Punkt

This bitter earth


Reisen in ferne Länder habe ich gern durch Reisetagebücher begleitet. In Potsdam saß mein Vater und druckte die im Internet verfügbaren Berichte aus und gab sie, nachdem er sie studiert hatte, meiner Mutter zum Lesen. Waren sie auf den Expeditionen dabei, dann machte er das im Anschluss. Vor etwa dreizehn Jahren waren wir zusammen in Südafrika.

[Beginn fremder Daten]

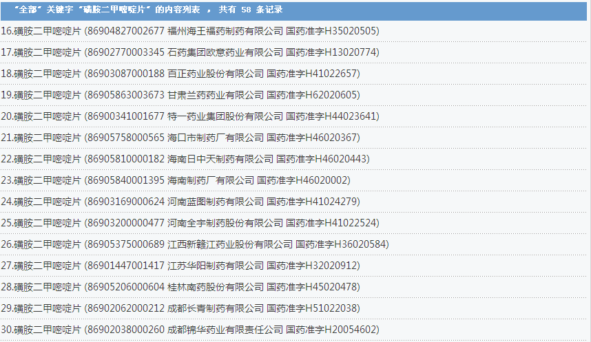 磺胺二甲嘧啶片:58個(gè)批準(zhǔn)文號(hào)
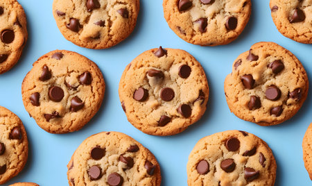 Oatmeal cookies with chocolate chip pattern and patterns on a light blue background. Full screen, top view
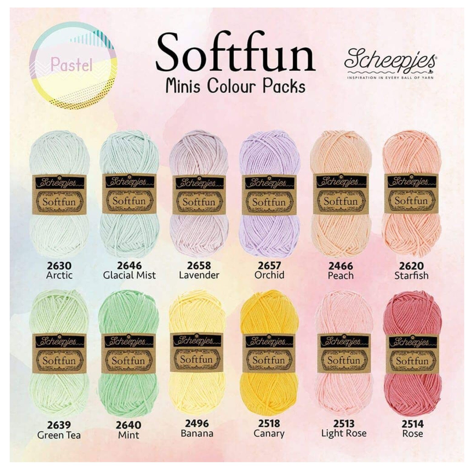 The Scheepjes Softfun Minis Colour Packs each contain 12 adorable 20g 'Cutie Pie' balls in a colour palette of carefully selected Softfun colours! With just one Softfun Minis Colour Pack, easily create smaller colourful or Fair Isle projects or combine several Colour Packs to create a Granny Square blanket exploding with colour!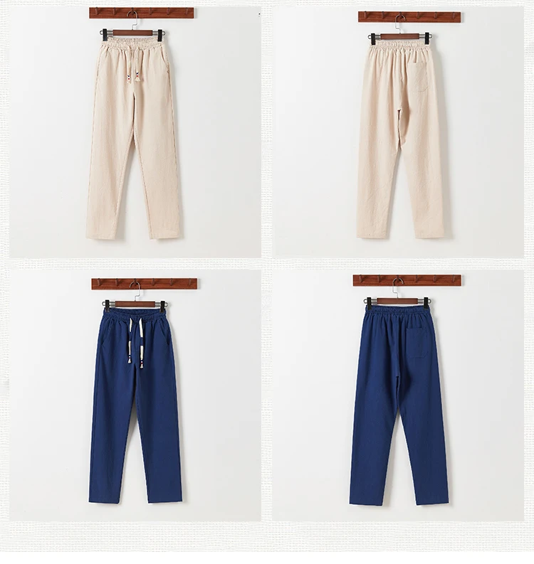Linen Zen Tea Tee Tops Pants Kung Fu Uniform Oriental Fashion Casual Loose T-shirt Chinese Retro Style Tang Suit Men Trousers

Als wir uns ein Weilchen nach der Reise sahen, hatte mein Vater die gesammelten Berichte ausgedruckt und meine Mutter hatte sie auch studiert. Nun habe ich eine lebhafte Fantasie, was meine Eltern durchaus wussten, und sie meinte zu mir: »Also diese Story, dass wir bei der Fahrt nach … an dem Kadaver eines halben Pferdes vorbeigefahren sind. Wie kommst du auf so was?« »Der lag da.« »Nein!« Der Papi war genauso verwundert, denn er hatte das auch nicht gesehen. Aber meine Frau hatte neben mir gesessen und gesehen: »Ja, das halbe Pferd lag da.«

Meine Mutter hatte es nicht leicht und musste ständig prüfen, ob die Geschichten, die ich so erzählte, auch wirklich wahr waren oder nicht. Das ist halt so, wenn man das Kind mit Büchern versorgt und die Fantasie fördert. So etwas kommt dabei rum. Es gilt dann immer auf der Hut zu sein …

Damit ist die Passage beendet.